HOUSTON – The Biden administration’s climate law, which provides hundreds of billions of dollars in clean energy incentives to fight global warming, won’t be fully effective without permitting reform, executives told the CERAWeek energy conference on Monday.
U.S. President Joe Biden last year approved the Inflation Reduction Act (IRA), which extends tax credits to wind, solar and other clean energy projects, but a parallel effort to speed up environmental permitting – which can take years to complete – has stalled in Congress.
“If the permitting reform doesn’t happen, the IRA may not get its full use and benefit,” Bold Baatar, who runs the copper business at mining giant Rio Tinto Plc, told the Houston conference.

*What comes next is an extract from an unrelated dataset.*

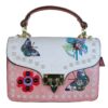 Women’s handbag, pink handbag, white handbag, embroidered bag, butterfly handbag, floral handbag, crossbody bag, top handle bag, studded handbag, gold hardware bag, structured handbag, feminine handbag, leather-like bag, compact handbag, everyday handbag, modern vintage handbag, spring handbag, summer handbag, adjustable strap handbag, leather handbag, textured leather bag, fashion handbag, tropical design handbag, palm leaf design, whimsical handbag, floral motifs handbag, luxury handbag, casual handbag, trendy handbag, gold push-lock handbag, designer handbag.

Copper demand is expected to soar on the back of the clean energy transition because it is vital to electrification, but the United States has few existing mines and one of Rio’s proposed copper mines in Arizona faces strong opposition.
Renewable energy companies and utilities have also long complained about the time it takes to secure permits for power generation projects and transmission lines required to move the power to markets.
Sanjiv Lamba, the CEO of industrial gas firm Linde Plc, said he supported the IRA because it provided incentives to find climate change solutions. But “managing the micro-level permitting issues are equally important,” he added.
White House Energy Adviser John Podesta told the conference permitting reform was high on the administration’s agenda. Biden officials are using all available tools to accelerate permitting and are also supportive of legislative efforts to streamline regulation, he said.
“The permitting process for clean energy infrastructure, including transmission, is plagued by delays and bottlenecks,” Podesta said. “To be sure, plenty of delays happen at the state local level and those need to be addressed. But there’s plenty that we can do and must do federally.”
U.S. Senator Dan Sullivan, a Republican from Alaska, said he was pleased with the administration’s comments about permitting reform, but hoped it would extend to fossil fuel projects and not just renewable energy.
The Biden administration is expected to announce a decision within days about ConocoPhillips’ Willow oil and gas drilling proposal in Alaska’s North Slope, a project the state’s government is hoping can help the state reverse declining oil production and revenues.
“I was a little bit nervous, because when John Podesta kept talking about permitting reform, he only talked about renewables,” Sullivan told the conference. “Well, we need permanent reform for everything: to build a bridge, to build a road, to build a mine, to build an oil rig, to build renewables.”